#### Input data
:::::

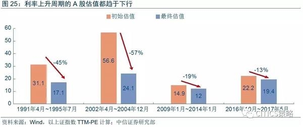 A股也是类似,除了2006-2007年的特殊情况(股改牛市),每一轮利率上升周期,A股整体的P/E估值都有-13%到-57%的下滑。
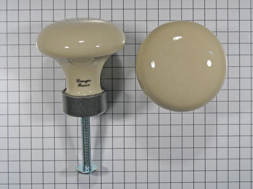 Porseleinen knop ivoor 35 mm met blank ijzeren voet
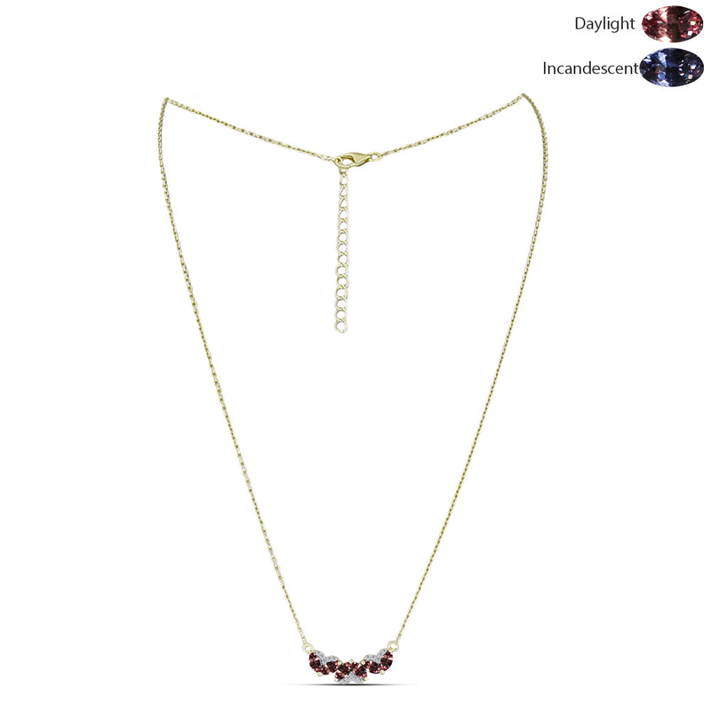 Arannyal Bevont Ezüst Nyaklánc Tsivory Színváltós Gránáttal és Fehér Topázzal

:::::

#### Problem description
All of the material above must be given again verbatim, except for the pictures.

#### Exercise result
 A股也是类似,除了2006-2007年的特殊情况(股改牛市),每一轮利率上升周期,A股整体的P/E估值都有-13%到-57%的下滑。
 Porseleinen knop ivoor 35 mm met blank ijzeren voet
 Arannyal Bevont Ezüst Nyaklánc Tsivory Színváltós Gránáttal és Fehér Topázzal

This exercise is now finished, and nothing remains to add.